[Tutor] constructors
Erik Price
erikprice@mac.com
Thu, 11 Apr 2002 23:02:34 -0400
On Thursday, April 11, 2002, at 03:14 PM, dman wrote:
> In either case, you can't
> return a value from __init__ -> the object already exists and is
> referenced by 'self', the __init__ just initializes the data in it.
> If the __init__ method completes, then the client gets the reference
> to the object. You can return 'false' or 'self' or 'fubar', but the
> client will never see it.
Ah. This is very important -- I was thinking that if the constructor
returned false, then the instance would not be created. Thank you.
> The do_something function doesn't need to do anything special (like
> check a return value and propagate it by returning it) to not ignore
> error conditions. The module-level code doesn't need to interrupt the
> flow of the code by checking a return value either, and can handle the
> same type of error from both functions identically (if it wants to).
This is nice.
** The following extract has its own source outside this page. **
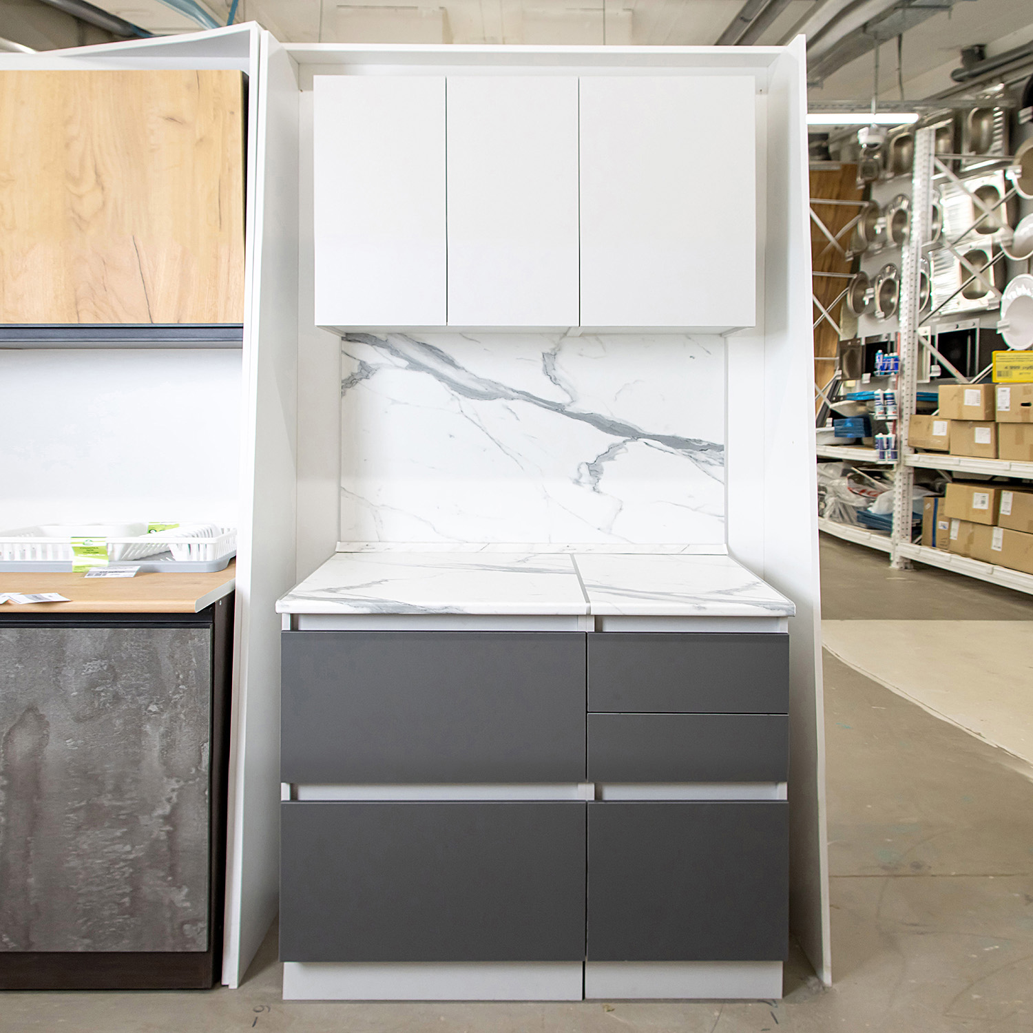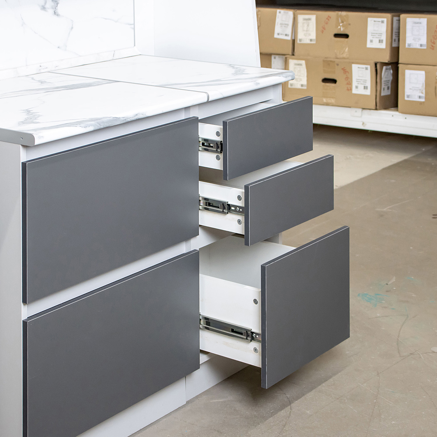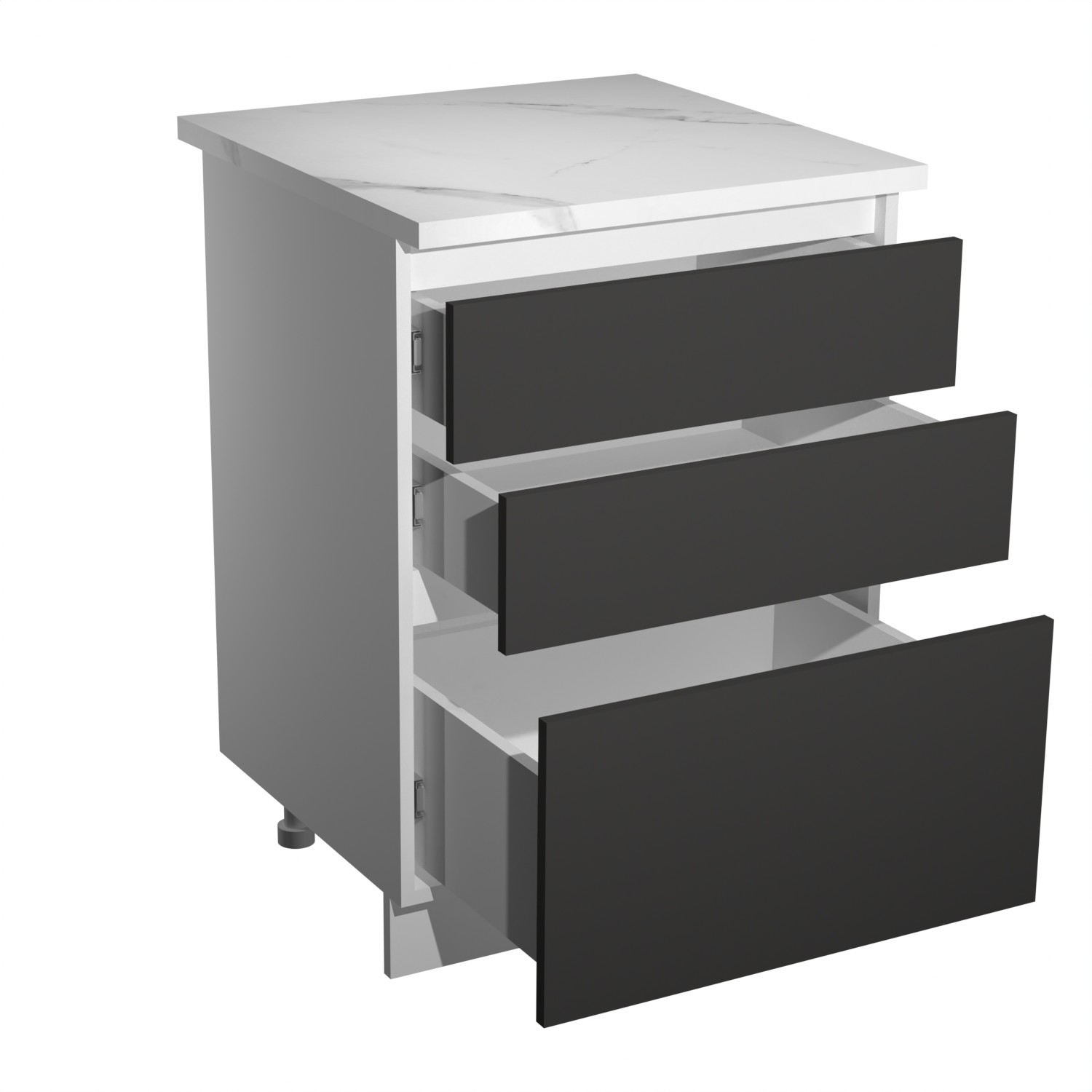 Шкаф напольный 600х850х600 мм BROZEX-WOOD Серый лед, с тремя ящиками, серый / графит

In PHP, I often do such code as:
if (!$connect = mysql_connect($connection_parameters)) {
die("Database connection failed");
}
if (!$result = mysql_query($sql, $connection_handle)) {
die("SQL query failed");
}
etc etc.
It gets very repetitive, and makes the code look ugly. But I hadn't
realized that this "interrupts the flow of code".
Exceptions are sweet -- I take it that they are another Python-centric
feature, that does not exist in C/C++/Java?